We could have done it for all of the regions, but it would have been too
difficult to view.We have to do some additional manipulation in Step 7 to
pull the South Africa the country cases out of the cases for Southern Africa
(the region). Once we do that, we can do a stacked plot with the Southern
Africa cases (minus South Africa) and South Africa. This figure suggests that
the increase in cases in Southern Africa is almost completely driven by
increases in South Africa.
There’s More
The figure produced in Step 6 reveals a couple of potential data issues. There
are unusual spikes in mid-February in East Asia and in late April in North
America. It is important to examine these anomalies to see if there is a data
collection error.It is difficult to miss how much the trends differ by region.

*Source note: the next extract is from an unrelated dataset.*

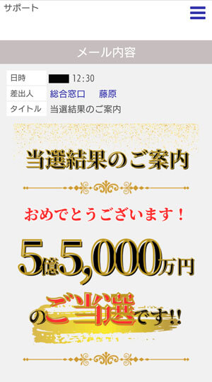 メッセージの内容というと5億5000万円が当選したとのこと(笑
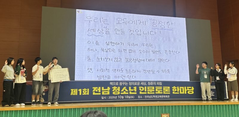 김영길 글로컬미래교육과장은 “이번 한마당은 학생들이 책을 통해 세상을 이해하고 서로의 생각을 나누며 성장하는 전남형 인문교육의 방향을 보여준 자리”라며 “앞으로도 학생들이 읽고, 생각하고, 토론하며 배우는 독서인문교육을 지속적으로 지원하겠다”고 밝혔다.

There are substantive reasons for this, of course. The different lines reflect
what we know to be reality about different rates of spread by country and
region. However, it is worth exploring any significant change in the direction
or slope of trend lines to make sure that we can confirm that the data is
accurate. We want to be able to explain what happened in Western Europe in
early April and in North America and Southern Africa in early June. One
question is whether the trends reflect changes in the whole region such as
with the decline in Western Europe in early April or for one or two large
countries in the region the United States in North America and South Africa
in Southern Africa.
See Also
We cover groupby in more detail in section 7, Fixing Messy Data When
Aggregating. We go over merging data, as we did in Step 7, in section 8, Addressing Data Issues When Combining Data Frames.
Conclusion
In conclusion, mastering the art of using line plots to examine trends in continuous variables opens a new realm of insight and analysis. As you prepare to dive into this technique, understanding the nuances of its application will significantly enhance your ability to interpret data effectively. By following the outlined steps, you can seamlessly integrate line plots into your analytical toolkit, unlocking a deeper understanding of your data trends and patterns. This method not only facilitates a clear visualization of how variables change over time but also equips you with the tools to make informed, data-driven decisions. And while this article has provided a foundational overview, remember that the journey doesn’t end here. There’s a wealth of advanced techniques and additional resources available to further enrich your data analysis capabilities. Embrace the learning process and explore related topics to expand your expertise and stay ahead in the ever evolving field of data analysis.